Among the young men Rostov brought to the house, one of the foremost was Dolohov, who was liked by every one in the house except Natasha. She almost had a quarrel with her brother over Dolohov. She persisted that he was a spiteful man; that in the duel with Bezuhov, Pierre had been in the right and Dolohov in the wrong, and that he was horrid and not natural.

“I know nothing about it, indeed,” Natasha would cry with self-willed obstinacy; “he’s spiteful and heartless. Your Denisov now, you see, I like; he’s a rake, and all that, but still I like him, so I do understand. I don’t know how to tell you; with him everything is done on a plan, and I don’t like that. Denisov, now…”

“Oh, Denisov’s another matter,” answered Nikolay, in a tone that implied that in comparison with Dolohov even Denisov was not of much account. “One must understand what soul there is in that Dolohov; one must see him with his mother; such a noble heart!”

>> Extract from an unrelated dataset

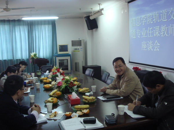 为及时掌握轨道交通“订单班”的班风和学风最新情况,把该班办成城市学院的“品牌班”和“特色班”,11月24日下午,信息学院召开轨道交通班任课教师及相关人员座谈会,该班的任课教师和班主任、专业负责人、教学秘书参加了会议,座谈会由信息学院赵黎明副院长主持。他首先代表学院对各位老师的辛勤劳动表示衷心的感谢,向老师们通报了轨道交通指挥部和学校方面关于“订单班”的最新动态,并向老师们说明了召开此次会议的目的。

“I know nothing about that, but I don’t feel at home with him. And do you know he’s falling in love with Sonya?”

“What nonsense!”

“I am sure, you will see he is.”

Natasha’s prediction was fulfilled. Dolohov, who did not as a rule care for ladies, began to come often to the house; and the question, for whose sake he came, was soon (though no one spoke of it) decided—it was on Sonya’s account. And though Sonya would never have ventured to say so, she knew it, and blushed scarlet every time Dolohov made his appearance.

Dolohov often dined at the Rostovs’, never missed a performance at which they were to be present, and attended Iogel’s balls “for the boys and girls,” at which the Rostovs were always to be found. He showed marked attention to Sonya, and looked at her with such an expression in his eyes that Sonya could not bear his eyes on her without turning crimson, and even the old countess and Natasha blushed when they saw that look.

It was evident that this strong, strange man could not shake off the impression made on him by the dark, graceful young girl, who was in love with another man.

Rostov noticed something new between Dolohov and Sonya, but he did not define to himself precisely what that new attitude was. “They are all in love with some one,” he thought of Sonya and Natasha. But he did not feel quite at his ease as before with Sonya and Dolohov, and he began to be less often at home.

In the autumn of 1806 every one was beginning to talk again of war with Napoleon, and with even greater fervour than in the previous year. A levy was decreed, not only of ten recruits for active service, but of nine militiamen for the reserve as well, from every thousand of the population. Everywhere Bonaparte was anathematised, and the only thing talked of in Moscow was the impending war. To the Rostov family the interest of these preparations for war was entirely centered in the fact that Nikolushka refused to remain longer in Moscow, and was only waiting for the end of Denisov’s leave to rejoin his regiment with him after the holidays. His approaching departure, far from hindering him from enjoying himself, gave an added zest to his pleasures. The greater part of his time he spent away from home, at dinners, parties, and balls.